Re: Sharing state between subtasks
Thanks for the feedback and comments so far.
I want to elaborate more on the need for the shared state and awareness of
watermark alignment in the source implementation. Sources like Kafka and
Kinesis pull from the external system and then emit the records. For
Kinesis, we have multiple consumer threads (one per shard), that fetch from
Kinesis and push the records downstream. Each of those threads logically
have a different watermark. (Note that the Kinesis source in Flink
currently does not have any source watermarking support, we have
implemented that in our own extension at Lyft).
The source needs logic to decide which threads should pause because they
are ahead. That logic needs to take into account other threads and other
subtasks (for which we need the shared state).
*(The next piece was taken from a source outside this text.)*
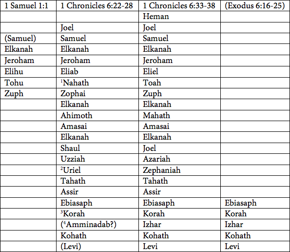 Every genealogy is given for a reason. Each of these genealogies accomplish a different nuance to the purpose of the authors. You may readily notice that some genealogies trace downwards toward a certain son. Other genealogies trace upwards towards a certain ancestor. Most genealogists perceive the downward genealogies as tracing qualities or characteristics. The forefather is passing on something to his children. The upward genealogies are perceived to trace pedigree or authority. The child inherits a title or serves in a role which has authority based on the ancestor. Applying this to our three lists gives one kind of explanation. 1 Chronicles 6:33ff is tracing from Heman upwards. Heman is the patriarch for a very important Levitical family whom God authorizes to prophecy in song and instrumentation at the temple. Heman’s pedigree here affirms his authority as a prominent Levite and Prophet. 1 Chronicles 6:22ff is passing on the leadership baton of Kohath’s family. The sub-tribe of the Kohathites were charged with taking care of the ark, the holy place furniture, the service utensils, and the Holy of Holies veil (Numbers 3:27-32) This gives Samuel direct right to serve in the tabernacle and care for the logistics of service.

A watermark aware back
pressure mechanism would be great, but we cannot block the entire source.
We need to only stop reading those shards (or Kafka partitions) that have
gotten too far ahead of others.
On Wed, Oct 10, 2018 at 9:33 AM Fabian Hueske <fhueske@xxxxxxxxx> wrote:
> I think the new source interface would be designed to be able to leverage
> shared state to achieve time alignment.
> I don't think this would be possible without some kind of shared state.
> The problem of tasks that are far ahead in time cannot be solved with
> That's because a task cannot choose from which source task it accepts
> events and from which doesn't.
> If it blocks an input, all downstream tasks that are connected to the
> operator are affected. This can easily lead to deadlocks.
> Therefore, all operators need to be able to handle events when they arrive.
> If they cannot process them yet because they are too far ahead in time,
> they are put in state.
> Am Mi., 10. Okt. 2018 um 18:15 Uhr schrieb Elias Levy <
> > On Wed, Oct 10, 2018 at 8:15 AM Aljoscha Krettek <aljoscha@xxxxxxxxxx>
> > wrote:
> > > I think the two things (shared state and new source interface) are
> > > somewhat orthogonal. The new source interface itself alone doesn't
> > > the problem, we would still need some mechanism for sharing the
> > event-time
> > > information between different subtasks. This could be the state sharing
> > > mechanism. Therefore I would say we should not block one on the other
> > > therefore should go ahead with state sharing.
> > >
> > Is that really the case? The reason Thomas gave for the request to share
> > state among subtasks was to implement stream alignment. If streams can
> > aligned, then the given reason for state sharing disappears. Not to say
> > there aren't other situations where state sharing could be useful. It
> > would have been handy in a number of our jobs.
> > Also, it's not clear to me that if sources (and multiple streams
> > were performing time alignment, you'd need some mechanism for sharing
> > even-time information between subtasks. Each source and multiple input
> > operator can perform its own local alignment and back-pressure can take
> > care of squelching sources that are advancing too fast.